13 September 2021

The Autobiographical Stories in Yummy Fur by Chester Brown (No. 38)

The Autobiographical Stories in Yummy Fur (1988-1993)
by Chester Brown

REVIEW BY CHARLES HATFIELD:
(from The 100 Best Comics of the Century! in The Comics Journal #210, 1999)
For all their candour, Chester Brown's memoirs are remarkably discreet. These quiet, artfully-shaped stories, which recall both the urgency of Justin Green and the mundane particularity of Harvey Pekar, exhibit economy, grace and a suggestive - even provoking - reticence. Beneath their quiet surfaces lies a strange disquiet, a probing restlessness which belies their fragile, minimalist drawings. What is left unsaid often matters just as much as what gets put down on paper.

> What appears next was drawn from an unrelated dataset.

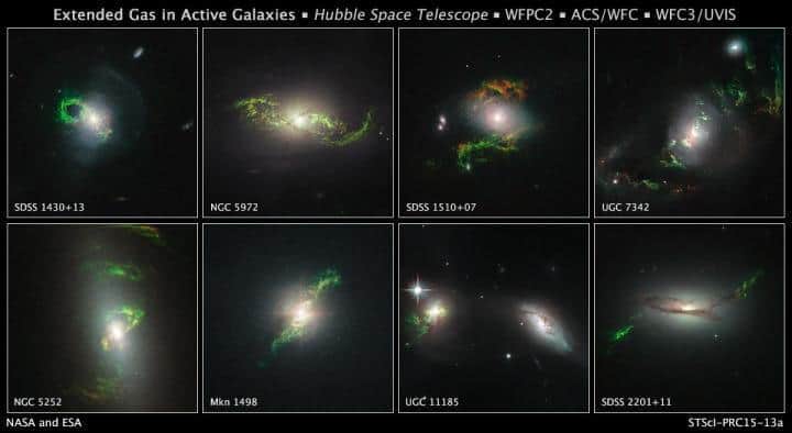IN 2007, A Dutch schoolteacher named Hanny var Arkel discovered a weird green glob of gas in space. Sifting through pictures of galaxies online, as part of the citizen science project Galaxy Zoo, she saw a cloud, seemingly glowing, sitting next to a galaxy. Intrigued, astronomers set out to find more of these objects, dubbed Hanny’s Voorwerp (“Hanny’s object” in Dutch). Now, again with the help of citizen scientists, they’ve found 19 more of them, using the Hubble space telescope to snap the eight haunting pictures in the gallery above … What causes these wispy tendrils of gas to glow? … Beaming out from the galaxy, that ultraviolet radiation strikes nearby clouds of gas, left over from past collisions between galaxies. And it makes the clouds glow an eerie green. “A lot of these bizarre forms we’re seeing in the images arise because these galaxies either interacted with a companion or show evidence they merged with a smaller galaxy,” says William Keel, an astronomer at the University of Alabama, Tuscaloosa.

Since their original publication, these first-person stories stories have been shaped into three books: The Playboy, I Never Liked You and The Little Man (a miscellany of tales, some fictional). These three represent an extraordinary period of development, as Brown subdued the extravagance of his early fantasies in favour of an equally provocative sense of restraint. He is still capable of shocking disclosure, but, unlike the latter instalments of Brown's fantasy opus Ed The Happy Clown, never turns aside important questions for the sake of a rude surprise.

Brown's memoirs do more than bare private nastiness to the world: they treat the ordinary, everyday encounters as occasions for the deepest questioning. For Brown, even the confused silences of adolescence are charged with moral significance - as shown, for instance, in the unsparing treatment of his failed teenage relationships in I Never Liked You. That book, which turns on the question of speech but climaxes with an awful, emotionally wrenching silence, is Brown's most affecting work to date, the masterwork toward which the earlier memoirs aim. Yet the earlier tales too are splendid, especially The Playboy and Danny's Story.

The Playboy captures Chester's awkward formative experiences with middlebrow pornography: there is no genuine catharsis, only a closeted shame and, in time, a blank evacuation of feeling. Here Brown ingeniously divides himself into an adolescent character and a gadded adult narrator, the later imagined as a hover, bat-winged devil whose mocking commentary underscores the depth of Chester's shame. Danny's Story, a boarding house anecdote, turns on the unwelcome intrusion of a neighbour whose sense of racial, cultural and sexual identity is entirely at odds with Chester's; it's a small masterpiece  of minute observation, one which turns up some of Chester's least attractive qualities. (It ends with Chester biting his neighbour and slamming the door in his face.) These stories wring significance from the smallest details. Taken in sequence, each successive story finds Brown doing more with less. 

Brown is not one to shy away from unpleasant detail, but seems to have little interest in making a shtick out of his unflinching "honesty". Each of his memoirs poses its own questions; each has its own thematic agenda and its own symmetry. They are all strong narratives, putting the lie to the idea that autobiography is for those who cannot construct real "stories". Taken together, these stories reveal an abiding interest in the ways people are shaped by their environment. Brown's powers of observation and his ability to conjure an environment in all its specificity are constant and breathtaking.


REVIEW BY SETH:
(from an interview in Destroy All Comics #2)
I really think Chester is a genius, and I don't know too many people I would class as a genius. He's a really individualistic thinker. I really feel his work comes out of the intellect... and things Chester has told me have certainly stuck in my mind and made me think about things I'm doing, especially from a technical stand point. I have so much respect for Chester that I will really take his opinion to heart.


DAVE SIM:
(from an interview, The Comics Journal #192)
...I was gratified to see Chester Brown's My Mother Was A Schizophrenic. Here's a comic book writer taking issue with an entire field of experts' opinion on schizophrenia. And, of course, he's reaping the whirlwind with a massive letter from one of those experts, having to patiently dismantle the guy's letter paragraph by paragraph. Chester, making full use of the potential both of the medium and unedited creative freedom. We can use a lot more of that in my view.